Türkiye Komünist Partisi Merkez Yayın Organı ATILIM

Meclisin işlevi halkın oylarıya seçilen vekillerin ülke sorunlarını tartışarak, karar tasarıları oluşturmak, karar almak, kanunlar yapmak ve ülkeyi yöneten bakanlar kurulunu, kabineyi denetlemektir.

Bugün TBMM çatısı altında bu işlevlerin hiç biri yerine getirilmiyor. Ülke Saray’dan yönetilmeye çalışılıyor. Saray paralel bir yönetim merkezidir. Seçmenin iradesi yok sayılmıştır. Bunlar yetmezmiş gibi, Meclis’e halkın oylarıyla seçilen HDP’li vekiller üzerinde bir linç kampanyası uygulanmaktadır. Dokunulmazlıkları kaldırılmakta, parti yasaklama girişimlerinde bulunulmaktadır. Kuruluşundan itibaren HDP’de görev alan 687 Parti yönetici ve vekillerine 5 yıllık siyaset yasağı uygulanması amaçlanmaktadır.

HDP’nin Meclis çatısı altında, gösterdiği dik duruş ve mücadeleden fazla yapabileceği yoktur. CHP ve diğer muhalefet partilerinin ülkede demokrasi amacıyla uygulamak istedikleri bir program varsa önce HDP ile fiili dayanışma içinde olmaları ve HDP’ye Meclis’i birlikte terketme önerisi sunmaları gerekmektedir. Demokratik muhalefet savıyla hareket ediyorlarsa atmaları gereken adım bu adımdır.
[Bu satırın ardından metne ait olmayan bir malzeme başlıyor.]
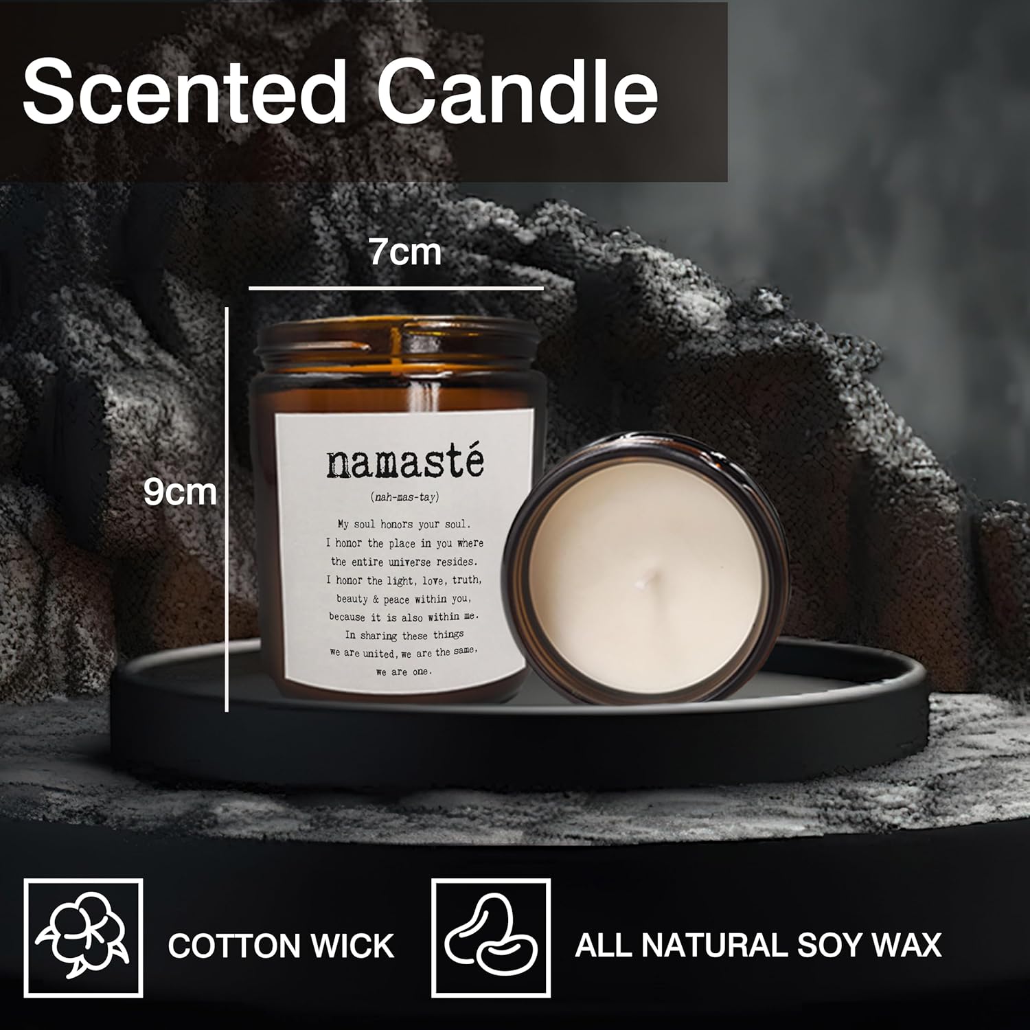 Scented Candle: Enhance your surroundings with the delightful fragrance of our scented soy wax candles. Immerse yourself in a calming experience that promotes stress relief, emotional balance, and creates a harmonious living space.

Bu öneriyi HDP diğer muhalefet partilerine getiremez. Onların HDP’ye öneri getirmesi gerekmektedir. HDP’den seçilen TİP’li vekil yoldaşlar bu konuda rol üstlenebilirler. CHP’li devrimci-demokrat vekiller CHP’nin genel seçmen tabanında bu yönde CHP yönetimine baskı yapmak için önemli bir işlev görebilirler. CHP yönetimi bu baskı ile iktidar ortağı olmayan muhalefet partilerine birlikte tavır almayı önerebilir.
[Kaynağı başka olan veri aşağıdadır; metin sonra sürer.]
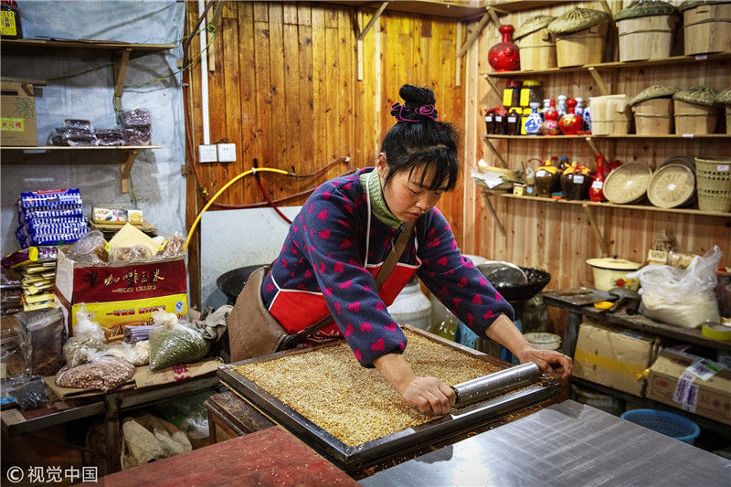 2019年1月26日,重慶中山古鎮(zhèn),880桌“千米長(zhǎng)宴”5萬(wàn)人共品年味。街坊們?cè)陬^天就開始準(zhǔn)備各種菜肴與小吃。

Ülke içinde yalıtlanmış olan, sahte oy pusulaları ve seçim sonuçlarını yerelde ve merkezde manipülasyonlarla elde etmiş olan faşist rejim bu şekilde dayandığı tek destek olan uluslararası desteğini de kaybedecektir. İşçi sınıfı, emekçiler, Kürt halkı, demokrat Aleviler, ürettikleri tüm ürünler ellerinde kalan ve doğa talanına direnen köylüler, geçinemeyen ve iflas eden esnaflar, direnen gençler ve kadınlar, insan haklarından ve çıkarları rejimle çelişen, demokrasiden yana tüm burjuva demokrat liberal kesimler dahil böyle bir girişime destek vereceklerdir. Bu da nüfusun ezici çoğunluğu demektir. Faşist Saray rejimine karşı direnişin kıvılcımı böyle yakılabilir ve bu kıvılcım Meclis dışına sahada, çığ gibi büyüyecek fiili bir destek bulur.